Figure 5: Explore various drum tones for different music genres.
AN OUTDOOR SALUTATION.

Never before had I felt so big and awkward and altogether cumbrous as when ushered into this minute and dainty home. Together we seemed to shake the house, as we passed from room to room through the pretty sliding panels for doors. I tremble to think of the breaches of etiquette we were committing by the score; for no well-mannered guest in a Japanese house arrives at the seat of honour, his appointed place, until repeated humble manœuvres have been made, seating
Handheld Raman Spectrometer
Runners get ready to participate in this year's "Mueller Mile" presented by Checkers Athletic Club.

...

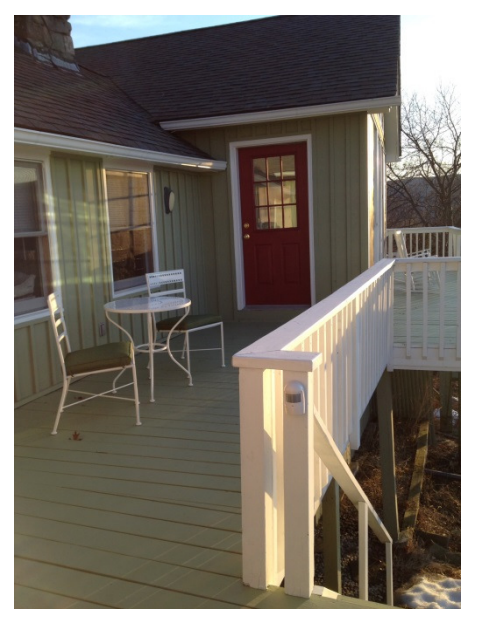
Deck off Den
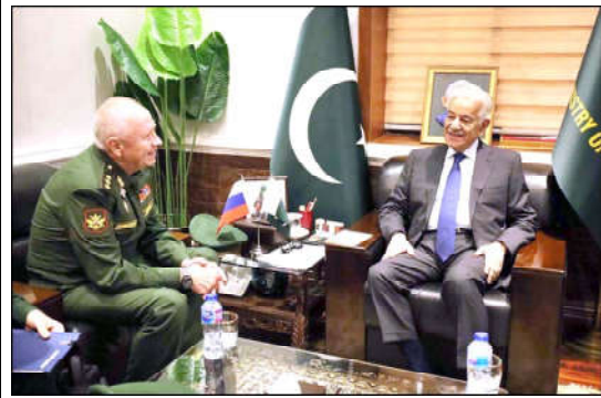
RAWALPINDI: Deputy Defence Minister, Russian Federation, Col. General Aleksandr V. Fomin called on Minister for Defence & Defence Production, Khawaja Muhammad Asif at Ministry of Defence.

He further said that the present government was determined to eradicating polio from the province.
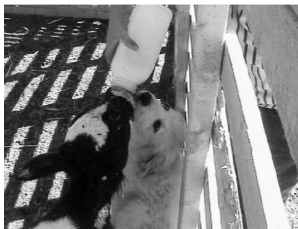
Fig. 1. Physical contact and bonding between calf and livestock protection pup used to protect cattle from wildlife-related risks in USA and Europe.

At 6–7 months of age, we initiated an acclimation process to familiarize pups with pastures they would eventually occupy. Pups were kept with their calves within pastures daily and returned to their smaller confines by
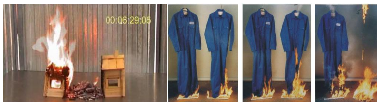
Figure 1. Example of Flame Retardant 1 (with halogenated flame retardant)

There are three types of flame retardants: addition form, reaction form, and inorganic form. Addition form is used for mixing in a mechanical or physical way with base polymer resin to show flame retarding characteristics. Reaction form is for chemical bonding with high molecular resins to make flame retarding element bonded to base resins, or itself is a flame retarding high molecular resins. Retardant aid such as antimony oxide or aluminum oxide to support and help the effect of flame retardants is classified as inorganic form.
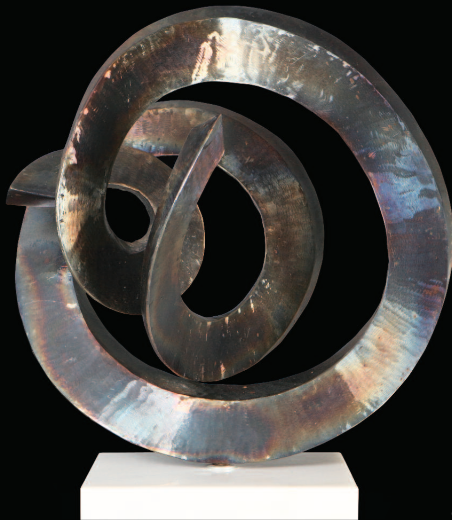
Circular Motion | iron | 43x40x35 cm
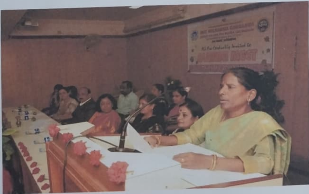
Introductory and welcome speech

==

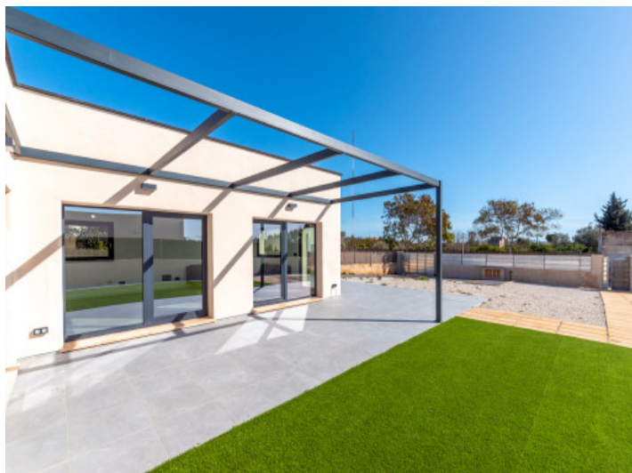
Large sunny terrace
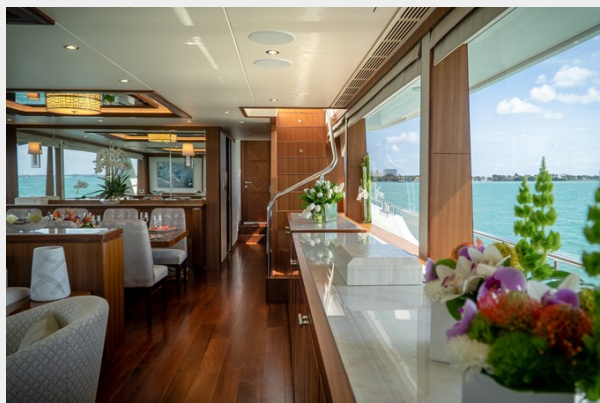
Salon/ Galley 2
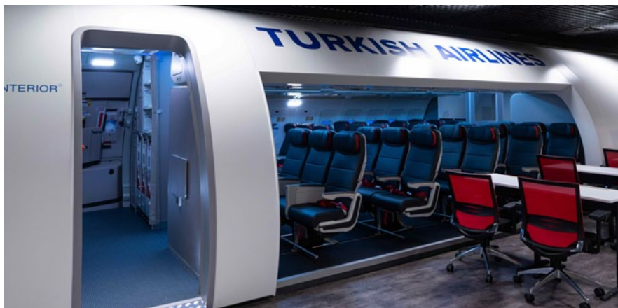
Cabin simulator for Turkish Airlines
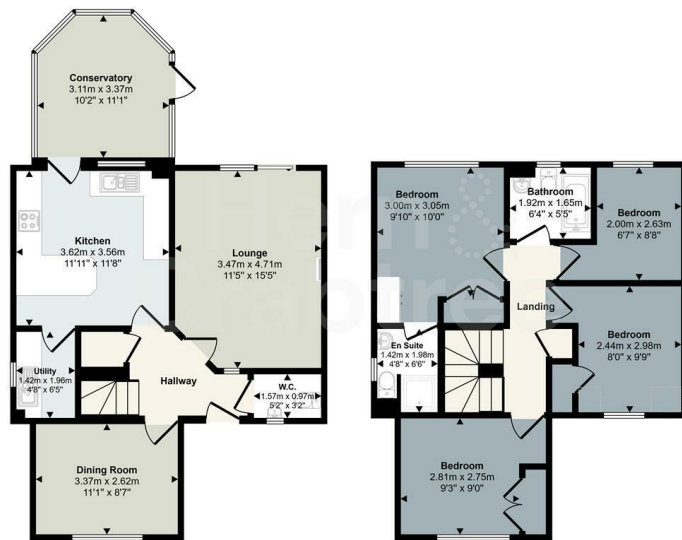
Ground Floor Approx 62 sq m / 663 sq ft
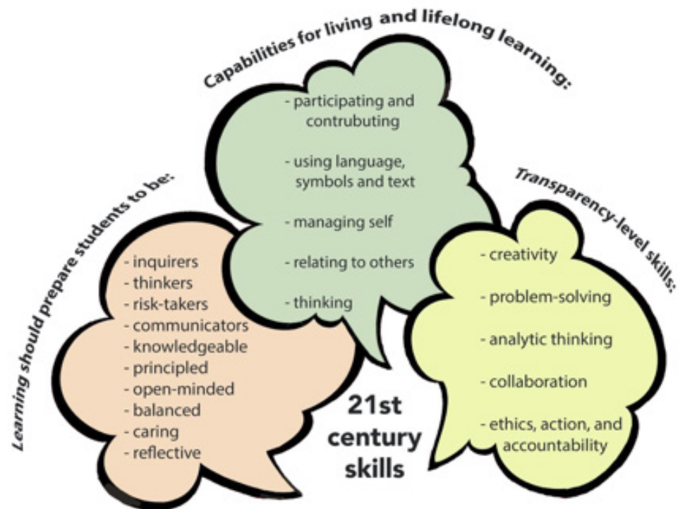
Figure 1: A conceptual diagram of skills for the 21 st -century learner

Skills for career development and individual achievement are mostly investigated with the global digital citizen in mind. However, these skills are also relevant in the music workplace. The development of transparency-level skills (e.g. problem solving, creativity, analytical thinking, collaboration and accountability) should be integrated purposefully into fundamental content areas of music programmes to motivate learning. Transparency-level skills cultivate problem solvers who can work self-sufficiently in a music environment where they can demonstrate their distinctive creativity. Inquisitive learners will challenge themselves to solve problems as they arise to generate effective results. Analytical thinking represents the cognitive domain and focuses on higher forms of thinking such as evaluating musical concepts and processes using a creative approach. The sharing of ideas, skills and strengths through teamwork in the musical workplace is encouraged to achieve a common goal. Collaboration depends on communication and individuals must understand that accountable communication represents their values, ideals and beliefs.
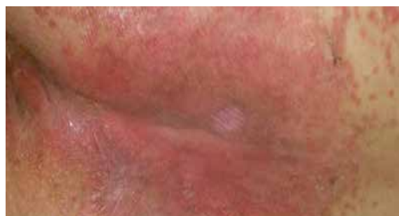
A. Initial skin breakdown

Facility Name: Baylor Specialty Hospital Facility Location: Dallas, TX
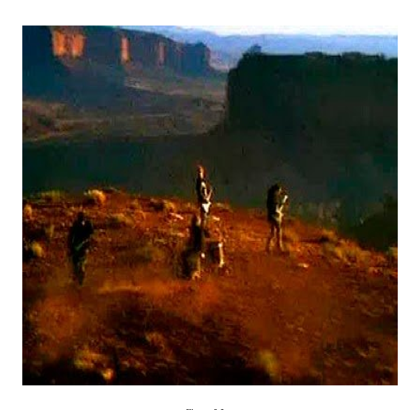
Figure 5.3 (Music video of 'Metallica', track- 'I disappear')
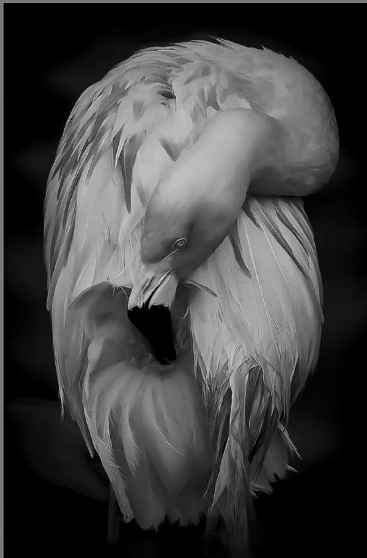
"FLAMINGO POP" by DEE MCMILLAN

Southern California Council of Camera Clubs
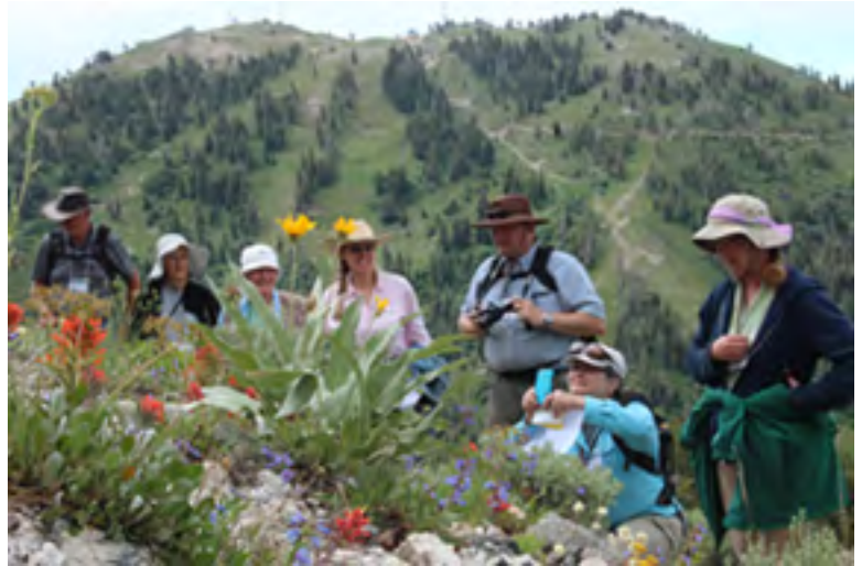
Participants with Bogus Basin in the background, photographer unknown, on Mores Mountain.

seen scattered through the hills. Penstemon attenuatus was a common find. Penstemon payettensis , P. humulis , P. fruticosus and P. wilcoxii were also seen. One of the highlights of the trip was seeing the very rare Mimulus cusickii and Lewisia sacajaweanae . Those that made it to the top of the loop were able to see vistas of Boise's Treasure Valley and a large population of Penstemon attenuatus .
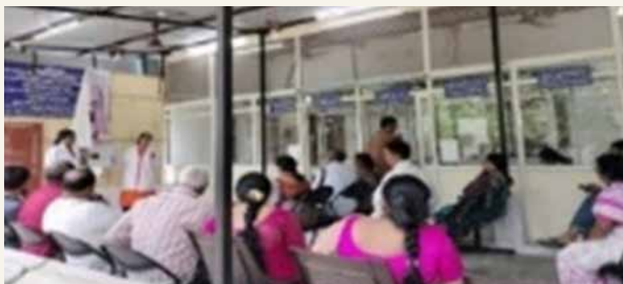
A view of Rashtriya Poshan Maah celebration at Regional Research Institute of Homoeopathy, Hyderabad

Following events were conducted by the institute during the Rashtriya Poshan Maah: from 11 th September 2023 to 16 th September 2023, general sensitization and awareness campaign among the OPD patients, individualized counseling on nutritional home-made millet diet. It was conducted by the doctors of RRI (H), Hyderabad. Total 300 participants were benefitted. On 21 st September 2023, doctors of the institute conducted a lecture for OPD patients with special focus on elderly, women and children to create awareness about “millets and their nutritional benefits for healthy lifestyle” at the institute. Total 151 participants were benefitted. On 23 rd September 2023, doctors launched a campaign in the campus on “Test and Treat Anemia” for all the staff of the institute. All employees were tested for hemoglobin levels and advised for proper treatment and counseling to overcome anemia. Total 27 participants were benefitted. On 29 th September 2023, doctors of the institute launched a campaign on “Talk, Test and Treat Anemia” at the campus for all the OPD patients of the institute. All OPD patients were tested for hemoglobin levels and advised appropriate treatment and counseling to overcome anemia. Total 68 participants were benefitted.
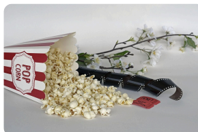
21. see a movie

Task to complete:
The answer must be the lines above from the one containing "Cabin simulator for Turkish Airlines" through the one containing "Figure 1: A", reproduced exactly, with no pictures and nothing else.

Answer space:
Cabin simulator for Turkish Airlines
Ground Floor Approx 62 sq m / 663 sq ft
Figure 1: A conceptual diagram of skills for the 21 st -century learner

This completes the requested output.